Workers in these low-wage countries are usually subjected to long hours under sweatshop working conditions and routinely exposed in their workplaces to threats to their health and safety, just as my immigrant grandparents were early in the 20th century while working at Nelson Knitting and the Geo. D. Roper Corporation right here in Rockford.
My grandfather and my great uncle, his brother-in-law, both suffered long and died young from lung diseases they acquired while working at Ropers.
Trade barriers could be used to protect American workers from having to compete, unfairly, with the exploited and abused workers in these low wage countries, but those have been done away with by our well-paid hypocrites in Congress who have put satisfying the greed of their corporate sugar daddies ahead of the welfare of the workers of this country and the basic human rights of the exploited workers in those countries to which our manufacturing jobs have been outsourced.
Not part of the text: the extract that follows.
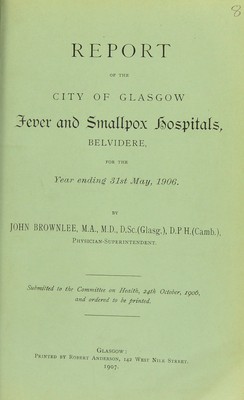 Report of the City of Glasgow Fever and Smallpox Hospitals, Belvidere, for the year ending 31st May, 1906 / by John Brownlee.
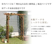 木製ガーデンアーチ専用の土中用埋め込み設置金具は、アーチの脚に1カ所〜4カ所取り付けることで、しっかりと地面に固定できます。

18. redrover | June 2nd, 2008 at 9:21 am
Leatherneck
I am not John Kutsch, but I know who he is and supported his candidacy.
I, too, was disappointed in his second campaign, but the man went into debt and lost income from his job just trying to present his views to the public the first time around, so it’s understandable that he was reluctant to do so the second time around.
However, if he hadn’t run, Manzullo would have been re-elected unchallenged, and that is a real crime, in my opinion.
And the criminals, in my opinion, are none other than the clique of spineless hypocrites who make up the local branch of the Democratic Party. They have this sweetheart deal with their counterparts in the Republican Party to basically divvy up the elective offices in our area and give free rides into elective office for some of their members.
This is a criminal abuse of the electoral process, but it is business as usual for the two-party tyranny.
The other thing that Democrats and Republicans agree upon is using the election law to limit access to the ballot to their own members.
They have long simply refused to abolish legislation that requires an independent or 3rd party candidate to obtain often 10 or more times as many petition signatures to get on the primary election ballot as Democrat and Republican candidates must obtain.
If that’s not a violation of the Equal Protection Clause of the 14th amendment of the U.S. Constitution, then what is?
I haven’t read Tom Friedman’s book, but I know enough about him to have no use for him or anything he has to say on nearly any topic.
He supported this criminal war in Iraq and swallowed and regurgitated, hook, line and sinker, the Bush administration’s propaganda lies about its motives and justifications for that war.
Why should I care to read anything else by such a dummy?!